The Gupta family-owned Oakbay Investments owns 80 percent of Oakbay Resources and Energy. When the company listed on the JSE in November 2014, it converted Industrial Development Corporation’s loan of approximately R256 million to a 3.57 percent equity.

In its 2015 annual report, Oakbay said it was upbeat about the prospects of the uranium industry, although its future largely hinged on rising uranium demand.

In a commentary on its results for the six months to August 31, it said it expected uranium demand and prices to rise on the back of new nuclear reactors being built around the world.



“It is an accepted fact that by 2020 uranium demand will far exceed supply. Simply put, we are operating in the ideal growth market and uranium is the place to be,” Gupta said in the annual report.

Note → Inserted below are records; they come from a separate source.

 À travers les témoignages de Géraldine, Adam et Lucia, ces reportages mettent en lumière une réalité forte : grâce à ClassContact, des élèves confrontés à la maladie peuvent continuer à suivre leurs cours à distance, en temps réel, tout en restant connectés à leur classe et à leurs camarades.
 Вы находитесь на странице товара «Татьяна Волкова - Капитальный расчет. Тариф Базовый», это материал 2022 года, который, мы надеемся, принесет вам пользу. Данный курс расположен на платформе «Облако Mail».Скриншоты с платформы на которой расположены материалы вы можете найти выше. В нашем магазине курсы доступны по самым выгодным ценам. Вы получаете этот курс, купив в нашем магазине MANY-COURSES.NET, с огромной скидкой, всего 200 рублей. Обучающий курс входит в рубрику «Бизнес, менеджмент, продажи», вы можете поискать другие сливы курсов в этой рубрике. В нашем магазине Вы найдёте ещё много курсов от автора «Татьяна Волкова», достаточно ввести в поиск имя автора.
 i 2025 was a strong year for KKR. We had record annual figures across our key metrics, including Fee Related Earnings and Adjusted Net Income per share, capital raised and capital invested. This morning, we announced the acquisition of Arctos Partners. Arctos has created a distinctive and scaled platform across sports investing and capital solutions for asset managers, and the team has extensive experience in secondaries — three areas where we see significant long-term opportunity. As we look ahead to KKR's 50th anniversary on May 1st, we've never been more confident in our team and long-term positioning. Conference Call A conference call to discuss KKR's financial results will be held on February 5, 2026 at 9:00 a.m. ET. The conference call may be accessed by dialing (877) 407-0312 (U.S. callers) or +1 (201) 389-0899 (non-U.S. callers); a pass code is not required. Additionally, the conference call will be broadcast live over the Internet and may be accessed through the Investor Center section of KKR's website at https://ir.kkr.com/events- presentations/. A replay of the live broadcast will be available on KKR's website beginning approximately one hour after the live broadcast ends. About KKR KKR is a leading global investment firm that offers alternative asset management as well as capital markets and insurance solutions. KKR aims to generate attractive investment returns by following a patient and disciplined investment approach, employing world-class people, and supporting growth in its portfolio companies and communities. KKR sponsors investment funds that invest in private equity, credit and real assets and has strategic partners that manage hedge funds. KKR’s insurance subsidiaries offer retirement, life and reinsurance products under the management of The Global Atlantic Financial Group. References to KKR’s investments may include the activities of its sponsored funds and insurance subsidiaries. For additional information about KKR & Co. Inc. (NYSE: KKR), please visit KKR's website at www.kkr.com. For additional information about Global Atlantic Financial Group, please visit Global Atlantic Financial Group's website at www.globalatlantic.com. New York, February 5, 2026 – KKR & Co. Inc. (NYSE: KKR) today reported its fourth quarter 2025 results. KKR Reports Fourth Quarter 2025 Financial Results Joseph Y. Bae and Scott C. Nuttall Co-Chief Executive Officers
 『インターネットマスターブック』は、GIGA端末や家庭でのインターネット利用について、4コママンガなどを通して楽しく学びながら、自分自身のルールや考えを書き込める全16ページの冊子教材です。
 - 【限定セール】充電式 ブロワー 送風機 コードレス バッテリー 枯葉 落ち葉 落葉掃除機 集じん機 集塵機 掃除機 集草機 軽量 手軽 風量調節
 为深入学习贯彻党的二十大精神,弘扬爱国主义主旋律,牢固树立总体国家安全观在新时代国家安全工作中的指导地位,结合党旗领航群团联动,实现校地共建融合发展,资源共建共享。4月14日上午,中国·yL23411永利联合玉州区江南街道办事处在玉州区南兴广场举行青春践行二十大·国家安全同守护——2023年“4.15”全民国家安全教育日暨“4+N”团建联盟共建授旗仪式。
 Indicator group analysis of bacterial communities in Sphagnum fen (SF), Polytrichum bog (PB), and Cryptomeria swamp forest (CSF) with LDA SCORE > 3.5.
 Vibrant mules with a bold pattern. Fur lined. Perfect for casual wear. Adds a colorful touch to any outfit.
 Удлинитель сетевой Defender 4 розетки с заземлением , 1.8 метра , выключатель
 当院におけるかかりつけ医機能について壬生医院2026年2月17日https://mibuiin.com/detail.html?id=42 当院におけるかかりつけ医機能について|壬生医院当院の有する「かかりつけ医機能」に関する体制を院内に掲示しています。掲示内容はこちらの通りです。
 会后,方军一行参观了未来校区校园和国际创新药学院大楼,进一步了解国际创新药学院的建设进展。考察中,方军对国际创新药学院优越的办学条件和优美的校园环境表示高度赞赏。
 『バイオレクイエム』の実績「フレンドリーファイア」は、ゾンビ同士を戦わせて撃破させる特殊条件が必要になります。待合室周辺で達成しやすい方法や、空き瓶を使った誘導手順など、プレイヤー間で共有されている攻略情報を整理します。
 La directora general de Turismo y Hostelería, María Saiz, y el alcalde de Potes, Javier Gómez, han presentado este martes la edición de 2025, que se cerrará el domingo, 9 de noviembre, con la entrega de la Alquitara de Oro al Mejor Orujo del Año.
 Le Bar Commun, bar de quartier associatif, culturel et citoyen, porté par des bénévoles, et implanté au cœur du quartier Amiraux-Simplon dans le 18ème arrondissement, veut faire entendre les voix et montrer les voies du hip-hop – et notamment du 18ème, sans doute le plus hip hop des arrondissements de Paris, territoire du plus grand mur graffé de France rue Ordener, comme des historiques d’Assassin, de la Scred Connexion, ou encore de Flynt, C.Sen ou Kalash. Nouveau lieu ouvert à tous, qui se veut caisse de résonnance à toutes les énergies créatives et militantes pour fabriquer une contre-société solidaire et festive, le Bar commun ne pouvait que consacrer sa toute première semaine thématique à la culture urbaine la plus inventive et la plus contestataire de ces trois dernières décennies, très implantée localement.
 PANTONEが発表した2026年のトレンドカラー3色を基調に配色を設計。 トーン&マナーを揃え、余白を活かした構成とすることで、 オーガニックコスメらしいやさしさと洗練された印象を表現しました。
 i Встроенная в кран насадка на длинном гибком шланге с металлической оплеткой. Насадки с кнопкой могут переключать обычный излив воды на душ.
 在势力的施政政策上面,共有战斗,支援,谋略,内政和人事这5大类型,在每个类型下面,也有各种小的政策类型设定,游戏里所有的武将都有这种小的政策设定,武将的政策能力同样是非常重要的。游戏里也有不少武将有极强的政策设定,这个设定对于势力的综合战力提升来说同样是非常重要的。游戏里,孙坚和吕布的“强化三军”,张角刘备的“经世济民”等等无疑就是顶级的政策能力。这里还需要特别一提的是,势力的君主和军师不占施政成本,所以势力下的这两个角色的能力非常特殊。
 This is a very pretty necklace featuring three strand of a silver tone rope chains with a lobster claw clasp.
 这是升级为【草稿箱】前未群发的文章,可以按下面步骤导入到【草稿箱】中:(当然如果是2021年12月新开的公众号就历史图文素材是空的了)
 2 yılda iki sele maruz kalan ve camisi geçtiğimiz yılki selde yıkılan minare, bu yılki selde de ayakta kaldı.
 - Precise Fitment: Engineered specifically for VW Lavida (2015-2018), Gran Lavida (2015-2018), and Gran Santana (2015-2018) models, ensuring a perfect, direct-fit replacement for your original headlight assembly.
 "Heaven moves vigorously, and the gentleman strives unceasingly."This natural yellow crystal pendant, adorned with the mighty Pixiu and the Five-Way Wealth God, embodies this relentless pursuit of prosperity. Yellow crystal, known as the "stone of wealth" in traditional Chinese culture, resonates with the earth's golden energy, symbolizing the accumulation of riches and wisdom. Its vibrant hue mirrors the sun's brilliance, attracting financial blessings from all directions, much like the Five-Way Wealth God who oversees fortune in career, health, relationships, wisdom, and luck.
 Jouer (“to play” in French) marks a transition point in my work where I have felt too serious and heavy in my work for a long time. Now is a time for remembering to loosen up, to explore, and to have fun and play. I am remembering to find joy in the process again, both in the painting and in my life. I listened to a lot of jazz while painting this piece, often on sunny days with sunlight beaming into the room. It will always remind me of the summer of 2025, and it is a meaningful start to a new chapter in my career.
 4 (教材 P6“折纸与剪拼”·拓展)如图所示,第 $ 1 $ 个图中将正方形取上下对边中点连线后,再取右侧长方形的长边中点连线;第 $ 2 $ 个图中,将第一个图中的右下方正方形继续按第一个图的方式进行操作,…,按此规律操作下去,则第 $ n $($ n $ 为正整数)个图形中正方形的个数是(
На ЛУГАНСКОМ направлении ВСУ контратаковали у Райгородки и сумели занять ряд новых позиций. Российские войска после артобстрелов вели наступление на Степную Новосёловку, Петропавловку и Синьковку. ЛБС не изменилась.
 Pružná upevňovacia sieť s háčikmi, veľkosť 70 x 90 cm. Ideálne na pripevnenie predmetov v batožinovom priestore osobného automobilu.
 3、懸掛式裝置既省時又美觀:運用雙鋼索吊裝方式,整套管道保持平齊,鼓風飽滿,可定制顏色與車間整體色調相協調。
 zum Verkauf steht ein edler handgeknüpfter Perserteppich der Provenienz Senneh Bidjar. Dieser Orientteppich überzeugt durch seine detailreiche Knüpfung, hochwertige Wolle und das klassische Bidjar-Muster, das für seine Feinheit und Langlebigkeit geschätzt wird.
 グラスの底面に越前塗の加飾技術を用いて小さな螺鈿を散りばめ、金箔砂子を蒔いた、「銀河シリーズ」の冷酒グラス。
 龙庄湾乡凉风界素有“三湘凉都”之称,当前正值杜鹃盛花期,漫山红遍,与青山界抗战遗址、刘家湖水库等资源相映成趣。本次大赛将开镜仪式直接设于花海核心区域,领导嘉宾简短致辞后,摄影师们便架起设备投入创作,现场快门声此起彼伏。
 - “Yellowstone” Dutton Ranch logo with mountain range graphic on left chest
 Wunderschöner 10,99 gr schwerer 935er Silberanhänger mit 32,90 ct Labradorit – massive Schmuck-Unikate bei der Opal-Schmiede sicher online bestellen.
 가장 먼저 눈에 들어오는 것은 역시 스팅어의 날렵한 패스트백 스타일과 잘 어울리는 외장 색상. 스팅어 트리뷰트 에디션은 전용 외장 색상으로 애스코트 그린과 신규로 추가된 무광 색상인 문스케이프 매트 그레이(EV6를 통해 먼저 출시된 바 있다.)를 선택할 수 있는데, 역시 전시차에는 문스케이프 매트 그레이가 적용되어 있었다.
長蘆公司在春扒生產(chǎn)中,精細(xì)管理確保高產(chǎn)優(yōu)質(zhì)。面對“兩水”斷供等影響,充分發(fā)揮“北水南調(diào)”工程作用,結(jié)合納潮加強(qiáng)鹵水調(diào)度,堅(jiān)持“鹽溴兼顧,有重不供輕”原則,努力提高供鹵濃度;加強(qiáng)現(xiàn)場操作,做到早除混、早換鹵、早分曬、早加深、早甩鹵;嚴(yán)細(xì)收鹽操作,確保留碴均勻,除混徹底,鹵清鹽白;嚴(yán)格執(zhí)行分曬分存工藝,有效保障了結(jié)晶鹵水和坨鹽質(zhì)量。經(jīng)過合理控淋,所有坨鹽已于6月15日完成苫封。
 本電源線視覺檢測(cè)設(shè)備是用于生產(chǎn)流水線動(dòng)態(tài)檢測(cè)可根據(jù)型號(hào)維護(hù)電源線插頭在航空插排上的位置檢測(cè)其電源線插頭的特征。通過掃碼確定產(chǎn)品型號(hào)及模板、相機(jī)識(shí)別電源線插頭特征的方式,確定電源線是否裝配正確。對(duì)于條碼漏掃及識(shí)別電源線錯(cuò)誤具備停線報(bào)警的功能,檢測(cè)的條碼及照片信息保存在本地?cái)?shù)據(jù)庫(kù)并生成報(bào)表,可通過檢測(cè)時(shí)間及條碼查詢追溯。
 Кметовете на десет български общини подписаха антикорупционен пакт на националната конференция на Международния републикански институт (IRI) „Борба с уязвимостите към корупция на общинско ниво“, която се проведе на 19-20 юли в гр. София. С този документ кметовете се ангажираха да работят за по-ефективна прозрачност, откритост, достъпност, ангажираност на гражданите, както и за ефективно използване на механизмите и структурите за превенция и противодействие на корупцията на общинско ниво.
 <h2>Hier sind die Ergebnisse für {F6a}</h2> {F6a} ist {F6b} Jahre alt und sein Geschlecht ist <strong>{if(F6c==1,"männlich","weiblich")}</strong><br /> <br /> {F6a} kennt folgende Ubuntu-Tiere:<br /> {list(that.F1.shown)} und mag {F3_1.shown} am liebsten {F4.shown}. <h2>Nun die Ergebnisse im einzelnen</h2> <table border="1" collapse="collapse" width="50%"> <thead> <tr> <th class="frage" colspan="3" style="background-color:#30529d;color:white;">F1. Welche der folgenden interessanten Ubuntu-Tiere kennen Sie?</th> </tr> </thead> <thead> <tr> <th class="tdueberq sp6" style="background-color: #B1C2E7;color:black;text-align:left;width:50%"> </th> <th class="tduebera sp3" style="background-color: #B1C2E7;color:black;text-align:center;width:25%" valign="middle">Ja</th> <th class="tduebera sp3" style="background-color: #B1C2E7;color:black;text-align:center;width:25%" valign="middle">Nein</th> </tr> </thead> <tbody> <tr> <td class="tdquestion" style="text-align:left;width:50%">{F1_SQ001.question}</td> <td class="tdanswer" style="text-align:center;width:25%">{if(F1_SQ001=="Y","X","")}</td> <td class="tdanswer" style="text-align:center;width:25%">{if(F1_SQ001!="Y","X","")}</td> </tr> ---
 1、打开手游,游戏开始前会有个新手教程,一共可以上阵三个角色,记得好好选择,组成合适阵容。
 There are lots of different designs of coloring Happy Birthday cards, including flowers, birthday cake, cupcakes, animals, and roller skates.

Uranium is used as fuel for nuclear power plants and is a key mineral for the aerospace and defence industries.

Read also: Guptas' Oakbay to continue to fight Gordhan

But analysts shy away from the stock because it is tightly held. Prior to the JSE’s cancellation of Oakbay trades, Stephen Meintjes, an analyst at Momentum SP Reid, said the increase in the share could be linked to the changes at National Treasury.

“Treasury is at the centre of South Africa’s plans to procure nuclear through the nuclear procurement programme,” Meintjes said. “The true cost of the programme is not known yet, because Eskom has not yet released request for proposals which would enable prospective vendors such as global energy companies, Areva of France and Rosatom of Russia, to indicate the costs of the programme.”

In September last year, Gordhan told parliament that a full cost-benefit analysis was necessary before the feasibility, affordability and procurement strategy could be properly assessed by the Treasury.

Attempts to get comment from Oakbay on Friday were not successful.